[Stored data entries]
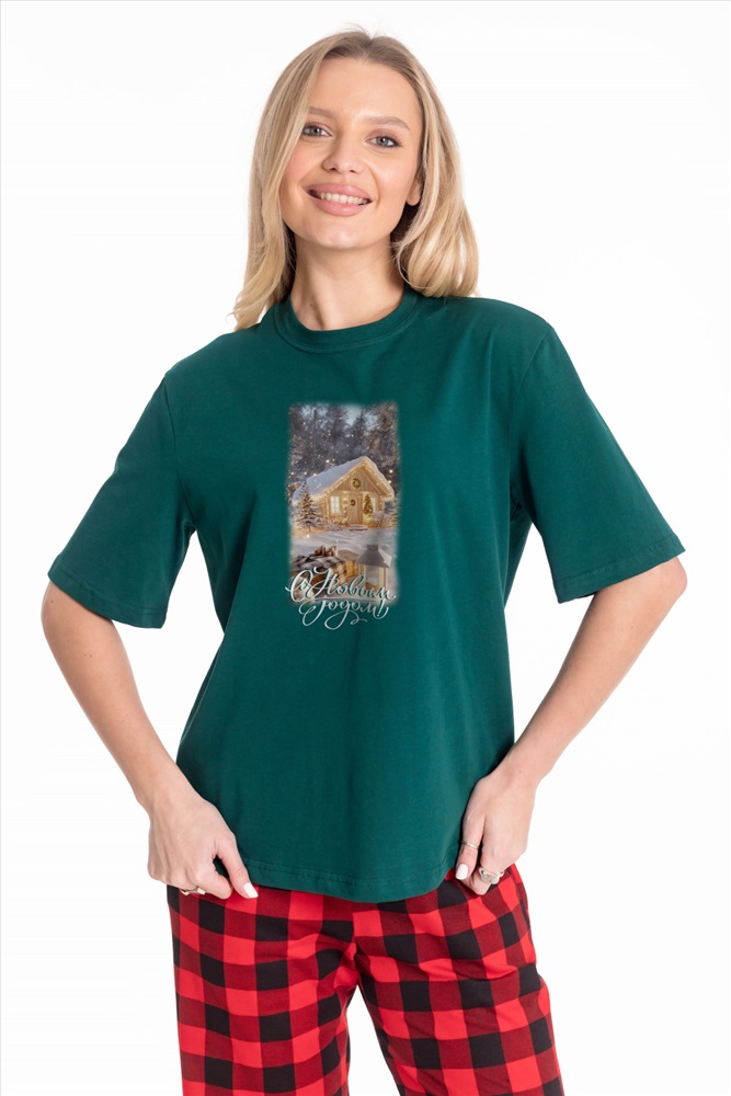 Сезон: Всесезонный Силуэт: Прямой Состав: Хлопок 100% Цвет Номенклатуры: зеленый Футболка с новогодним принтом выполнена из хлопкового полотна. Материал приятен к телу, создает комфорт и хорошую воздухопроницаемость. Классический крой с коротким рукавом и круглым вырезом горловины обеспечивает удобную посадку и свободу движений. Отличный выбор для создания праздничного настроения и комфортных повседневных образов. Комментарии к товару
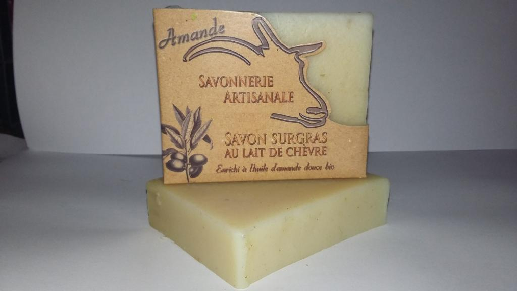 Savon amande au lait de chèvre fabriqué à la ferme avec le lait de mes chèvres et huiles végétales et essentielles bio. Tous mes savons sont fabriqués artisanalement à la ferme selon la méthode ancestrale du savon fait à froid. Cette technique très ancienne permet d’obtenir un savon très doux pour la peau, qui ne la dessèche pas et qui permet de conserver toute la valeur nourrissante des huiles utilisées. Fini la peau qui tiraille aprés la douche ! Savon amande 100G : savon surgras à 9 % enrichi à l’huile d’amande douce et sans huile essentielle Huiles utilisées : huile d’olive bio, huile de coco bio, beurre de cacao bio, huile de ricin bio , huile d’amande douce sans colorants artificiels, ni conservateurs et sans huile de palme Utilisation : bien faire sécher sur un porte savon aprés usage pour prolonger la vie de votre savon naturel
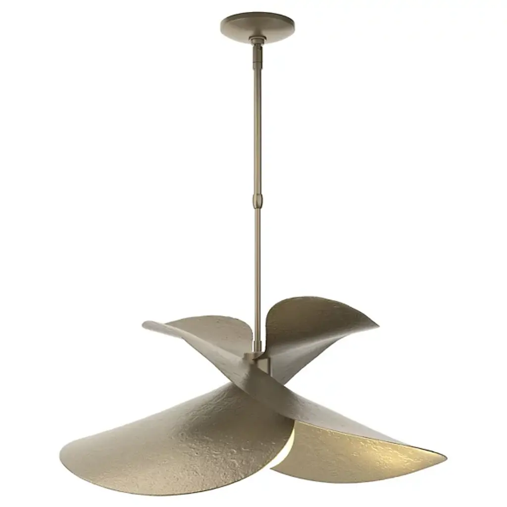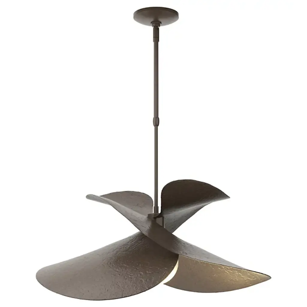 A cool and contemporary twist on a softly shaped design. The Hibiscus Pendant by Hubbardton Forge makes a bold statement with this handcrafted design from Ori Goldberg. The flowing shape of this pendant takes its inspiration from its flowering namesake, each swirled metal petal featuring Hubbardton Forge’s hallmark texturing from a forge fired process. Creating a sense of movement around a single, visible bulb, this piece playfully shapes a lovely layer of light as it adds an artful touch to its environment.
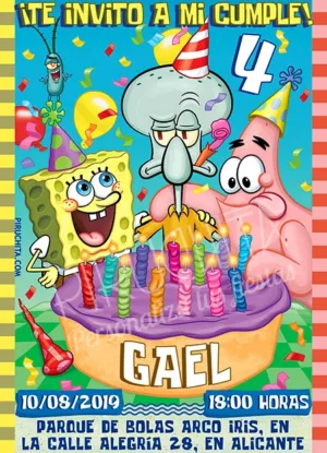 Invitación cumpleaños Bob Esponja #04 | Digital Imprimible
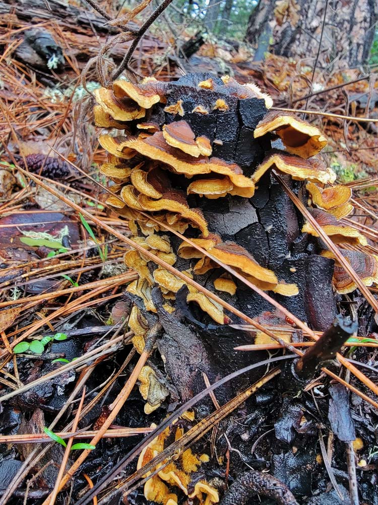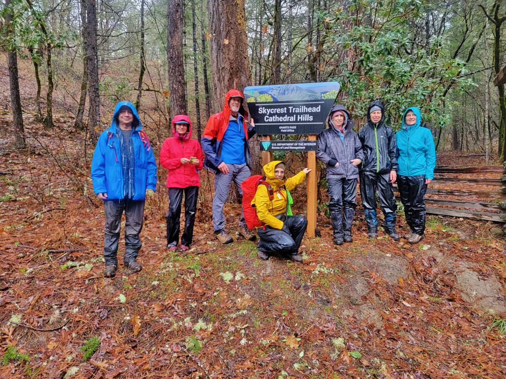 We continued around the Outback Loop and connected to the Ponderosa Pine Loop. These trails are shared with mountain bikes and we could see how some of the trails were banked up to make for fun turns on bikes. We connected back to the Outback Loop to the Timberline Trail back to the cars. The group photo was taken after the hike at the Skycrest Trail sign.
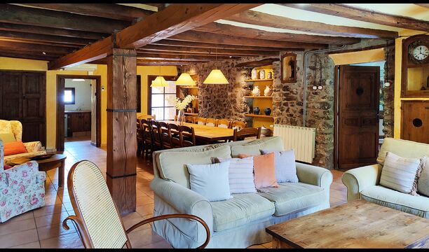 Can de Toriña offre de vastes espaces intérieurs et extérieurs entourés de forêts et de paysages montagneux, ce qui en fait une destination idéale pour les familles ou les groupes souhaitant profiter de la nature, de l’histoire et de la tranquillité des Pyrénées.

Exercise aim:
Retype exactly, and only, the lines from the one containing "We continued around" through the end of the records above. Pictures stay out of the copy.

Solution to the exercise:
 We continued around the Outback Loop and connected to the Ponderosa Pine Loop. These trails are shared with mountain bikes and we could see how some of the trails were banked up to make for fun turns on bikes. We connected back to the Outback Loop to the Timberline Trail back to the cars. The group photo was taken after the hike at the Skycrest Trail sign.
 Can de Toriña offre de vastes espaces intérieurs et extérieurs entourés de forêts et de paysages montagneux, ce qui en fait une destination idéale pour les familles ou les groupes souhaitant profiter de la nature, de l’histoire et de la tranquillité des Pyrénées.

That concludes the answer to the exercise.